With the spectacular recent advances in Artificial Intelligence (AI), hopes and promises abound in organisations. This raises the question of how leaders can work more consciously with the mechanisms behind promises and hopes. We can learn a lot from looking at AI-projects if we want to understand how promises function in an organisational context.
Many promises are made at a time when AI is expected to solve problems that businesses have been struggling with for decades. The hope is that AI can help address the climate crisis, the recruitment crisis, and other global challenges on a large scale. Simultaneously, there are hopes that new intelligent technologies can enhance organisational efficiency and the quality of products and services. According to consulting firm McKinsey, up to 60-70% of all work tasks can be automated with the help of AI and other digital technologies.
Here, hope becomes the expectation of fulfilment attached to promises. With numerous and accelerating promises, it is not surprising if some cannot be fulfilled or are only met in a modified form, with changed or reduced ambitions.
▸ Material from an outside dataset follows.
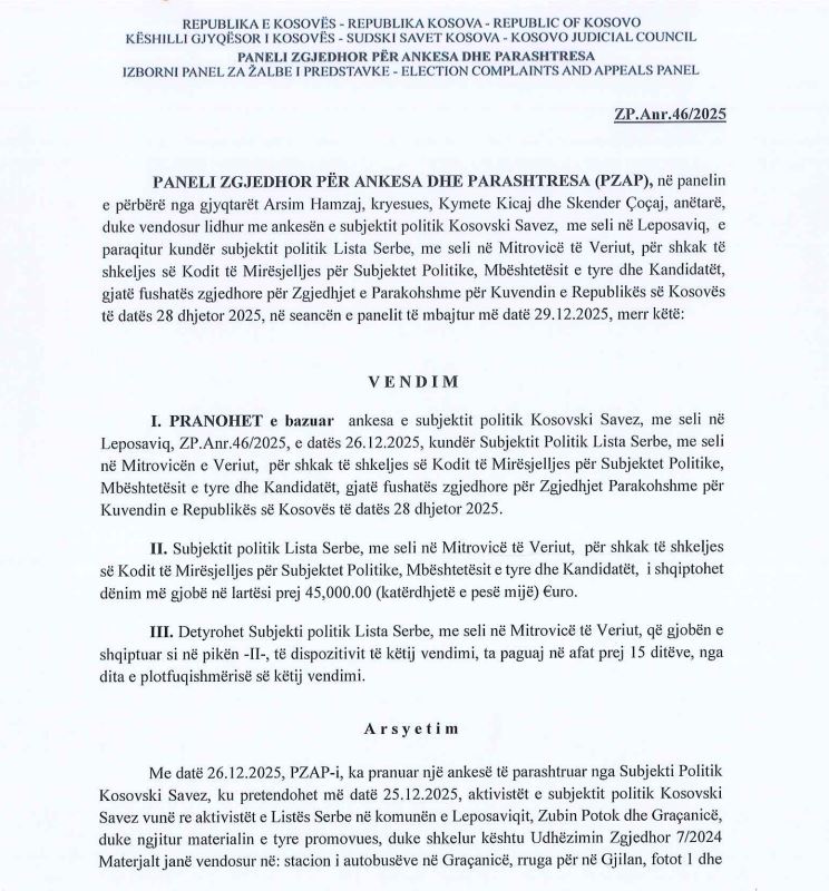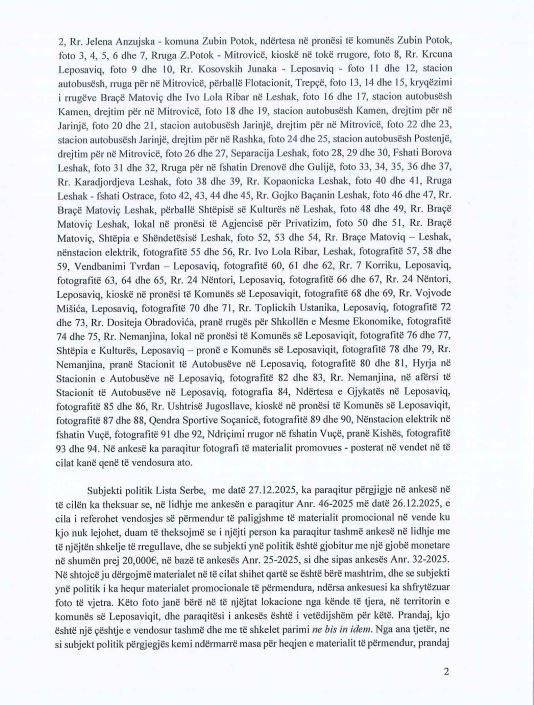 “PRANOHET e bazuar ankesa e subjektit politik Kosovski Savez, me seli në Leposaviq, ZP.Anr.46/2025, e datës 26.12.2025, kundër Subjektit Politik Lista Serbe, me seli në Mitrovicë të Veriut, për shkak të shkeljes së Kodit të Mirësjelljes për Subjektet Politike, Mbështetësit e tyre dhe Kandidatët, gjatë fushatës zgjedhore për Zgjedhjet e Parakohshme për Kuvendin e Republikës së Kosovës të datës 28 dhjetor 2025. Subjekti politik Lista Serbe, me seli në Mitrovicë të Veriut, për shkak të shkeljes së Kodit të Mirësjelljes për Subjektet Politike, Mbështetësit e tyre dhe Kandidatët, shqiptohet dënim me gjobë në lartësi prej 45,000.00 (katërdhjetë e pesë mijë) Euro”, thuhet në vendim.

This resonates with what Gartner – another influential consultancy firm – describes with their so-called hype cycle, a model that illustrates the standard progression that new technologies undergo: At the tail end of the first innovation stage, expectations rise to sky-high levels and reach a peak of inflated expectations. Then comes disappointment when it turns out that these expectations cannot be met. This is the 'trough of disillusionment' in Gartner's terminology. After that, there is a slight rise, where actual technological progress is observed, and finally, a realistic level is reached where the technologies prove useful in practice.
Gartner's reports have repeatedly mapped promising technologies onto this model, which often provides an excellent overview of how a particular technology has experienced hype at one point, only to reach a more realistic level and transition into everyday use. It goes without saying that generative AI is currently at its peak of inflated expectations, according to Gartner.
However, these macro analyses do not provide insights into how leaders handle the relationship between ambitious promises and their altered, delayed, scaled-down, or even unfulfilled delivery on a day-to-day basis. But managing promises is an important leadership task, so let's delve into how leaders do that in their daily practice. We've studied this in Danish organisations experimenting with AI.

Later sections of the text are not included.